Die Geschichte: Ville aus Vaasa träumt davon, vom Buchhalter („Soll ich mein Leben lang an einem fremden Pult für einen Hungerlohn sündigen und unschuldige Menschen betrügen“, fragt er sich) zum großen Reeder aufzusteigen, setzt alles auf ein Pferd, indem er mit seinem ganzen Geld und mit Krediten einen Frachter kauft, schuftet als Ladenschwengel Jahr um Jahr und geht jeden Tag zum Kai … um einmal mehr enttäuscht zu werden: sein Schiff kommt nicht zurück, ja es fehlt sogar jegliche Nachricht, egal von wo auch aufgegeben.

Doch dann legt die Albatros an der Reede an. Aber erbärmlich sieht es aus, und die lange Zeit des Wartens („Sieben Jahre waren also vergangen … haargenau wie bei Jakobs Brautwerbung“) scheinen sich nicht gelohnt zu haben. Indes: Der erste Eindruck täuscht. Voll beladen ist der Kahn mit allem, was bestellt war, die Truhen, gut verschlossen, bergen Scheine und Münzen schwer zählbaren Ausmaßes. Der Busenfreund Kalle hat eiserne Disziplin walten lassen und die Weisheit berücksichtigt, dass Vermögen „durch Einnahmen … nicht durch Ausgaben“ zusammenkommt. „Auch der Reeder begriff, dass er den Eimer zum falschen Brunnen getragen hatte.“ KILPI_Umschlag_PRINT.indd

Schließlich hat Ville wieder Boden unter den Füßen und gewinnt neuen Mut: „Wer außer mit hat an die Rückkehr der Albatros geglaubt? An seinem Glauben wird ein Mann gemessen, und wer sich am Glauben festklammert mit Zähnen und Klauen, mit den Widerhaken seiner Gedanken und der Kraft von Herz und Nieren, der zieht sich aufs Trockene, wenn er je an ein trockenes Ufer gelangt!“

Die von Gabriele Schrey-Vasara glänzend übersetzte Geschichte der Albatros ist eine der beiden so genannten Binnenerzählungen aus Kilpis monumentalem Werk „Alastalon salissa“ (In der guten Stube des Hofes Alasto) von 1933, das in Finnland ähnlichen Kultstatus genießt wie Aleksis Kivis „Die sieben Brüder“. 60 Jahre nach seinem ersten Erscheinen votierten in Helsinki mehr als 100 Künstler, Wissenschaftler und Kritiker für Kilpis Hauptwerk als bestes literarisches Werk seit der Unabhängigkeit Finnlands im Jahre 1917.

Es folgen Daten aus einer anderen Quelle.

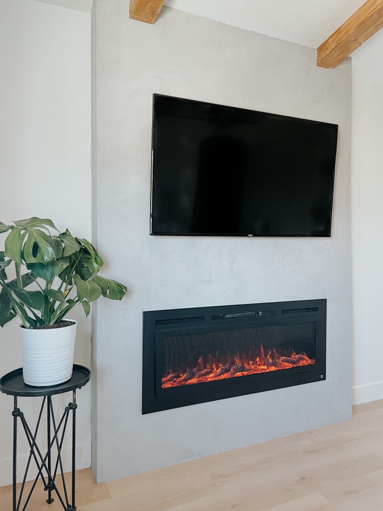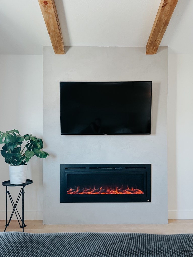 I never thought I would have a TV in my bedroom. My parents never did and I never understood the appeal. Now, one of my absolute favorite things to do is curl up in bed and watch a show with Jordan. With the fireplace done, it’s made our nighttime routine even cozier!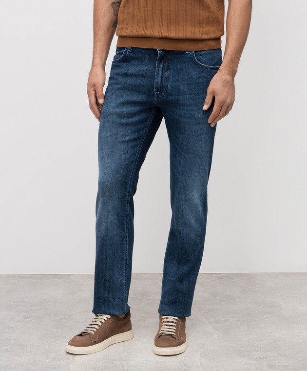Синие джинсы с эффектом потертости
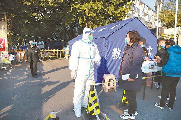 图为10月20日,北京市丰台区纪委监委第二监督检查室工作人员到新增确诊病例所在街道,对隔离期间工作人员配备、社区物资储备及配送情况等进行监督检查。李承橙 摄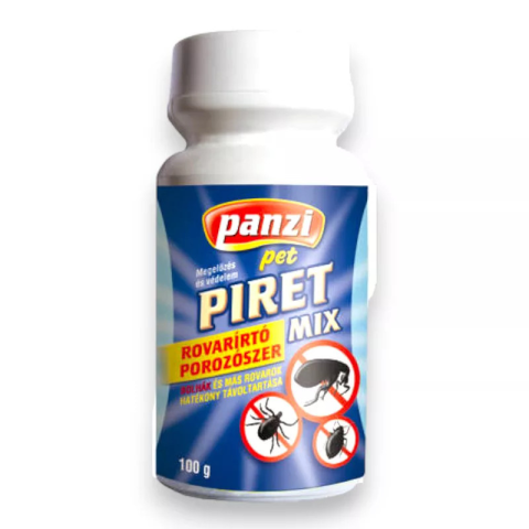 PIRET MIX POROZÓSZER A Panzi PiretMix rovarirtó porozó szer – bolhák és más rovarok hatékony távoltartására, természetes piretrin tartalommal. Biztos ölő és távoltartó hatás több hétig. Felhasználhatóság: Zárt térben rejtett életmódú rovarok (pl. csótány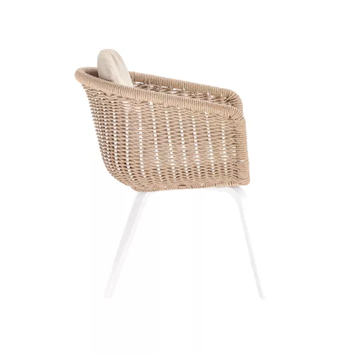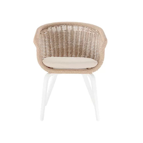Der Outdoor-Sessel Mellara vereint Langlebigkeit und stilvolles Design. Der Aluminiumrahmen ist mit witterungsbeständigem Wintech-Seil umwickelt. Abnehmbare Kissen mit Olefin-Stoff und schnelltrocknendem Schaum machen ihn ideal für Horeca-Terrassen.
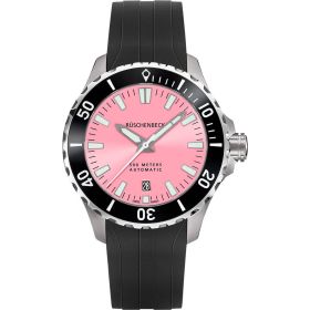 Als Taucheruhr in Reinform zeigt sich die R4DIVER aus der RÜSCHENBECK – THE WATCH Taucheruhrenkollektion. Mit einer extremen Wasserdichte von 50 bar ist sie absolut Tiefseetauglich, aber auch ein robuster Begleiter auf dem Festland. Das schwarze Kautschukband wird mit einer Sicherheitsfaltschließe geschlossen. Die Superluminova Beschichtung auf dem Zifferblatt in Pink sorgt für ein edles Nachleuchten der Uhr im dunkeln. R4DIVER - Funktion: Stunde, Minute, Sekunde, Datum. Ø 42 mm, Edelstahl 316L, Automatik, 42 Stunden Gangreserve, White Superluminova Appliken. Einseitig drehbare Lünette mit Keramik-Inlay, automatisches Helium-Ventil. Beidseitig entspiegeltes Saphirglas, verschraubter Gehäuseboden. Verschraubte Krone, wasserdicht bis 500 m (50 bar),Kautschukband mit Sicherheitsfaltschließe.

Das Vorwort schrieb Pirjo Lyytikäinen, Literaturprofessorin in Helsinki, die ihre Promotion über „Alastalon salissa“ geschrieben hat. Der Autor werde oft mit James Joyce und Marcel Proust verglichen, schreibt sie. Sein Epos sei „sowohl eine Art Seemannsgeschichte als auch eine Allegorie auf das Leben des Menschen und insbesondere auf den Weg des Künstlers: eine weitläufig an den schriftstellerischen Weg des Autors angelehnte Künstlernovelle“. Prachtvolle Bilder von Augen, „die wie an Stielen wachsen“, funkelnden Augen, „in denen so viel Lachen stand, wie in die kleinen Augäpfel passte“, oder des Pfeffers, der in seinen Augen Feuer schlug, „und der Bart stand ihm in allen Richtungen des Kompasses vom Gesicht ab“, schlagen den Leser in den Bann. Einen großen Romancier gilt es, endlich auch hierzulande zu entdecken.

MATTHIAS DOHMEN

Volter Kilpi, Die Albatros, Wuppertal: Arco 2014, ISBN 978-3-938375-56-3, 104 S., Euro 12,00, www.arco-verlag.com.